時は最終局面――。
ボクと芥川、そして中島の三人は誰かに己の証明を示す様に、戦いに身を投じていた。
「……な、なにが起こったの」
しかしボクが見ていたはずの芥川と中島の二人は、ボクだけを置いて神隠しの様にふと消えてしまった。
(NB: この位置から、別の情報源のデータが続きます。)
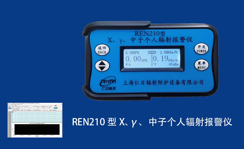 REN210 個人計量報警儀REN210型X、γ、中子個人輻射報警儀內(nèi)置SiPM和鋰玻璃晶體組成中子探測器儀器,采用反照率方式探測中子射線,同時也能探測X、γ射線。因此它可同事監(jiān)檢測X、γ、中子三種射線。能顯示工作場所的劑量當(dāng)量率和累積劑量,更換電池時,日期及累積數(shù)據(jù)能永久保存。可選配RenRiPersonal個人劑量管理軟件,該軟件可存儲多個人的歷史數(shù)據(jù),能記錄日累積、月累積、年累積、輻照時長、計算平均劑量率、扣除或不扣除本底輻射,且以文字和圖譜的方式展現(xiàn)數(shù)據(jù)。廣泛應(yīng)用于環(huán)保、化工、水泥、煤礦、土木工程、石油、醫(yī)院、疾控、進出口商檢、核電、加速器、機場、中子源庫和其他安檢、邊境控制海關(guān)檢測等領(lǐng)域中的工作人員進行個人安全防護監(jiān)測及放射性提示。

其処に残ったのは、廊下の床に出来た綺麗な円状の穴だけ。
推測するに恐らく、その落とし穴に二人は落ちてしまったのだろう。
「まさか……あの中島が芥川君と二人きりになりたいが為にボクから離れたの。でも、ボクは逃がさない。絶対絶対絶対絶対……」
その言いつけ通りボクは一切迷わず、その穴へ真っ先に飛び込んでみせる。
「此処は……」
そこは白鯨の内部そのものの様に、無機質な空間が広がっていた。
そして、その上に敷かれた金網橋にボクは運よく着地する。
「人虎……。貴様はいつも、誰かから生きる許可を貰う為に戦っているのか。未だ過去の悲劇に捕らわれているのか」
「……そう、かもしれない。でも、僕は気づいたんだ」
どうやら芥川と中島は、ボク抜きの二人きりで会話を始めている様だ。
「……やっぱり、泥棒猫じゃないか。中島」
しかも肝心の二人はイチャイチャに夢中か何か知らないけど、ボクの事に全く気付いていない。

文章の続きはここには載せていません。